Bureaucracy to prevail at expense of the taxpayer

Last Regular Week for SC General Assembly

By Paul Gable

The SC General Assembly meets today to begin its last regular week of this legislative year.

To say this year has been a disappointment in real legislation is an understatement. In fact, this year will be known by what wasn’t accomplished rather than by what was.

An attempt to pass an ethics reform bill hung up on the shoals of the SC Senate. Seems our senators are determined to keep ethics oversight within the Senate Ethics Committee. No independent investigations of conduct of senators are allowed unless the Senate okays it (read Robert Ford).

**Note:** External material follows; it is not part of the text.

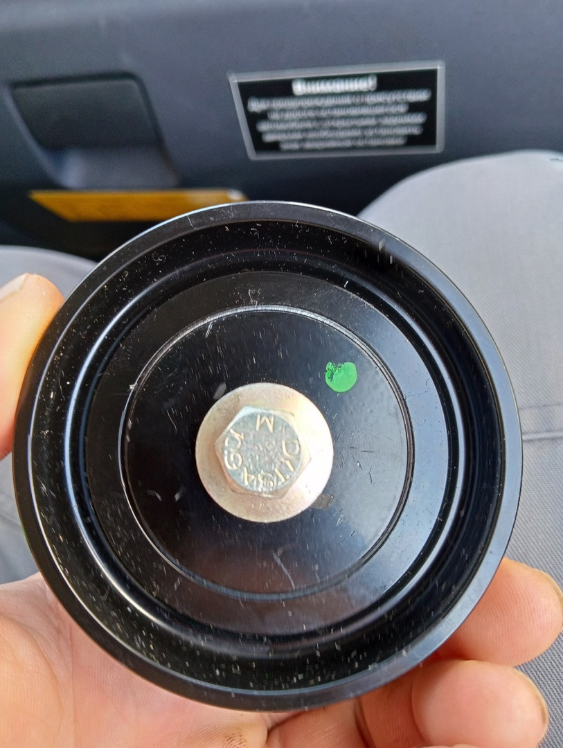 Сначала про ролик. Экзист как всегда обул с сроками. Ремень до сих пор не пришёл, зато ролик пришёл. Land Rover PQR101150. Старый совсем развалился, поэтому замена подшипника не помогла бы. Итак закрутить совсем легко, а вот натянуть ремень обратно пришлось попотеть и воспользоваться ключем и куском уже полюбившейся трубы. Запуск, все ок. Закручиваем обратно вискомуфту, стопорим куском арматуры и вуаля, все готово.

There is no telling what may actually be found if investigations were conducted otherwise.

The SC General Assembly again failed to fully fund the Local Government Fund despite a projected $400 million in surplus revenue certified by the state’s Board of Economic Advisers.

It wouldn’t have hurt the legislators to take a little over 10% of this surplus to fully fund the LGF, but the SC General Assembly seems to prefer to continue allowing local governments to slowly be bled dry of revenue while Columbia controls real spending.

Of course, there are still plenty of unfunded mandates that the SC General Assembly has passed on to the counties without any consideration of providing some of the excess revenue to help pay for these services.

And it looks like it will be at least next year before any real attempt is made to find funding to fix state roads.

The legislature is hung up on hung up on how much, if any, the state gas tax should be raised and whether a decrease in state income tax will be included.

Transfer of state roads to counties is still undecided. But, one thing seems certain, money to pay for the maintenance on roads transferred to counties will probably not come along. This will become another unfunded mandate (and a giant one).

The state road maintenance question looks like it will get carried over to next year when the SC General Assembly members can, again, posture and pontificate, while failing to pass any meaningful legislation.